I rode to the camp where the wives were, with the Khan and a number of men on foot and on horseback, a messenger having been sent in advance. In the village the great sheep-dogs, as usual, showed extreme hostility, and one, madder than the rest, a powerful savage, attacked me, fixing his teeth in my stirrup guard, and hanging on. The Khan drew a revolver and shot him through the back, killing him at once, and threatened to beat the owner. Screw was quite undisturbed by the incident.

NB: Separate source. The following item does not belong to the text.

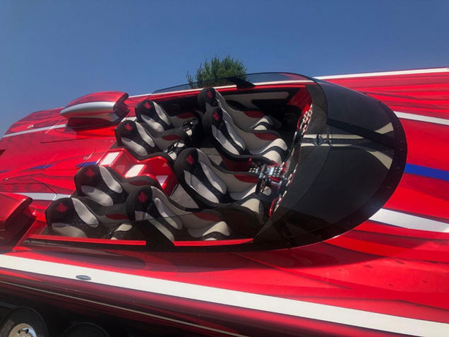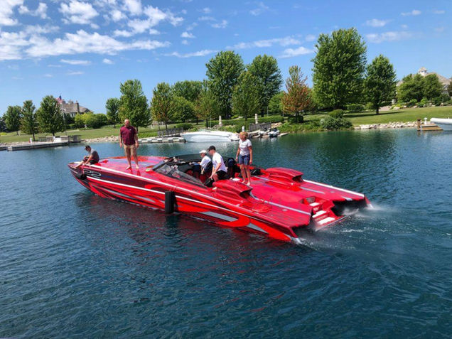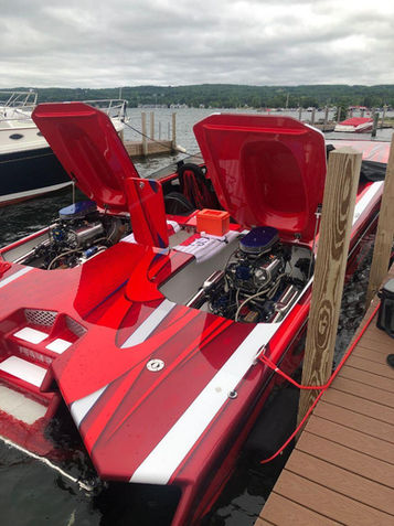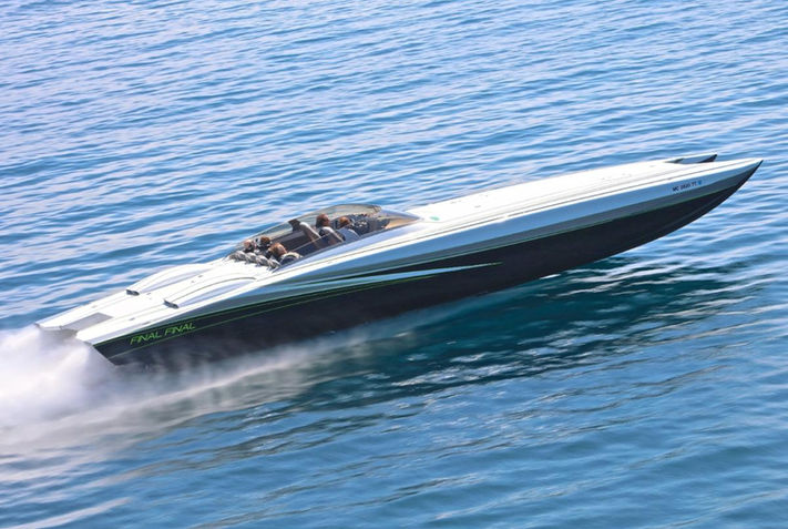 For now, the biggest boat of the Skater fleet and one of the most enduring and versatile boat in the Skater lineup. Originally built to supersede the 40 Classic for racing, it immediately became a success on the APBA Offshore circuit, winning its inaugural Key West Offshore Championship. Even a boat as large as the 46 found its way into the niche of top Cat in the Open and Superboat class. The evolution of the 46’s lamination schedule and sponson configuration was and still is a changing one. Imagine building a hull for 750hp Mercruisers with #6 drives to the same hull with a pair of 1650’s with #8 drives or, for that matter, turbines with surface drives or even a hull with 4 engines and 4 drives. The answer, of course, is that each hull is tailored to its engine/drive configuration through the use of variable sponson rake and tunnel width. But its only a little more work- right? Another variable in ALL Skaters is the amount of fuel any boat can carry. A successful tank design approved by the USCG allows us to build the tank as a structural member of the boat as well as damping device for rough water. Tanks of any reasonable size can therefore be built into any Skater.
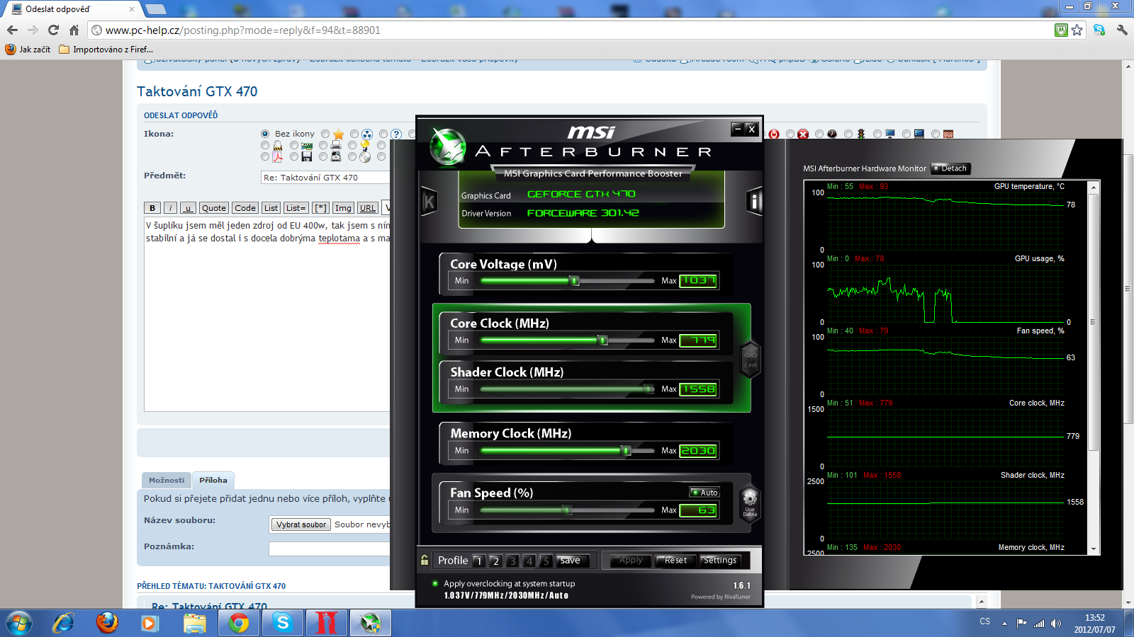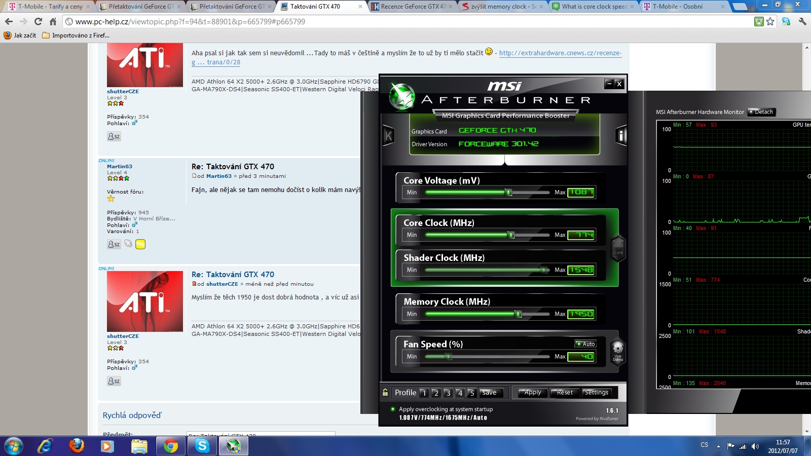 A teplota? Koukal jsem ,že Afterburner měl u max hodnoty 93C což už je dost ...No nic já už fakt musím , tak dyžtak zítra ..

The power of the ketchuda or headman of a group of families is not absolute even in this small area. His duties are to arrange the annual migrations, punish small crimes summarily, to report larger crimes to the Khan, to collect the tribute, conjointly with the Khan, and to carry out his orders among the families of his group. Private oppression appears to be much practised among the ketchudas, and under the feeble rule of Imam Kuli Khan to be seldom exposed. The ketchuda's office, originally elective, has a great tendency to become hereditary, but at any moment the Ilkhani may declare it elective in a special case.

Though the offices of Ilkhani and Ilbegi are held only annually at the pleasure of the Shah, and the ketchudas are properly elective, the office of Khan or chief is strictly hereditary, though it does not necessarily fall to the eldest son. This element of permanence gives the Khan almost supreme authority in his tribe, and when the Ilkhani is a weak man and a Khan is a strong one, he is practically independent, except in the matter of the tribute to the Shah.